“Forty million dollars!” she exclaimed. “I thought you said you would only have twenty per cent.?”
“That is just what it is,” remarked the captain, “as nearly as we can calculate. Forty million dollars is about one fifth of the value of the cargo I brought to France in the Arato. And as to your share, Mrs. Cliff, I think, if you feel like it, you will be able to buy the town of Plainton; and if that doesn’t make you a leading citizen in it, I don’t know what else you can do.”
CHAPTER L
A CASE OF RECOGNITION
Every one in our party at the Hotel Grenade rose very early the next morning. That day was to be one of activity and event. Mrs. Cliff, who had not slept one wink during the night, but who appeared almost rejuvenated by the ideas which had come to her during her sleeplessness, now entered a protest against the proposed marriage at the American legation.

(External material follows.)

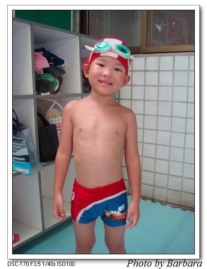 從七月底開始學游泳,除了八月因為感冒停了兩個星期外,小恐龍一個星期三次的游泳課鮮少缺席。從一開始哭著做熱身操、哭著下水到下課,甚至裝病逃學,到現在高高興興地去上課,光是不怕水這一項,就讓做媽的夠安慰了。
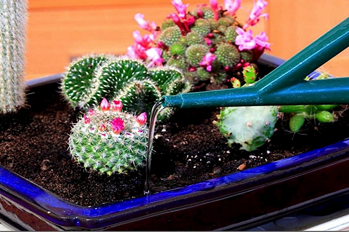 Om sommeren skal ørkenkaktus (xerofytter) og trekantet spurge vannes en eller to ganger i uken; om vinteren er det nok. Det er bedre å gjøre dette om morgenen, slik at jorden om dagen har tid til å tørke ut til en dybde på 2-3 centimeter.

She believed that people of the position which Edna and the captain should now assume ought to be married in a church, with all proper ceremony and impressiveness, and urged that the wedding be postponed for a few days, until suitable arrangements could be made.

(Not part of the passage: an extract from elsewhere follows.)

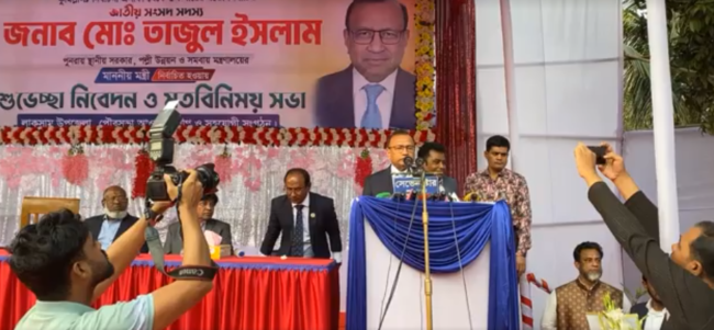 লাকসাম উপজেলা আওয়ামী লীগ অফিসের সামনে কুমিল্লা-৯ নির্বাচনী এলাকা থেকে ৫ম বারের মতো নির্বাচিত জাতীয় সংসদ সদস্য এবং পুনরায় স্থানীয় সরকার, পল্লী উন্নয়ন ও সমবায় মন্ত্রণালয়ের দায়িত্বপ্রাপ্ত মন্ত্রী নির্বাচিত হওয়ায় শুভেচ্ছা নিবেদন ও মতবিনিময় সভায় বক্তব্য রাখেন মো: তাজুল ইসলাম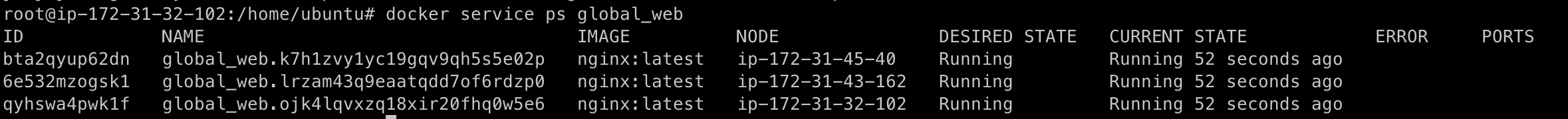 $ docker service create --name global_web \

But Edna would not listen to this. The captain was obliged, by appointment, to be in London on the morrow, and he could not know how long he might be detained there, and now, wherever he went, she wished to go with him. He wanted her to be with him, and she was going. Moreover, she fancied a wedding at the legation. There were all sorts of regulations concerning marriage in France, and to these neither she nor the captain cared to conform, even if they had time enough for the purpose. At the American legation they would be in point of law upon American soil, and there they could be married as Americans, by an American minister.
After that Mrs. Cliff gave up. She was so happy she was ready to agree to anything, or to believe in anything, and she went to work with heart and hand to assist Edna in getting ready for the great event.
Mrs. Sylvester, the wife of the secretary, received a note from Edna which brought her to the hotel as fast as horses were allowed to travel in the streets of Paris, and arrangements were easily made for the ceremony to take place at four o’clock that afternoon.
The marriage was to be entirely private. No one was to be present but Mrs. Cliff, Ralph, and Mrs. Sylvester. Nothing was said to Cheditafa of the intended ceremony. After what had happened, they all felt that it would be right to respect the old negro’s feelings and sensibilities. Mrs. Cliff undertook, after a few days had elapsed, to explain the whole matter to Cheditafa, and to tell him that what he had done had not been without importance and real utility, but that it had actually united his master and mistress by a solemn promise before witnesses, which in some places, and under certain circumstances, would be as good a marriage as any that could be performed, but that a second ceremony had taken place in order that the two might be considered man and wife in all places and under all circumstances.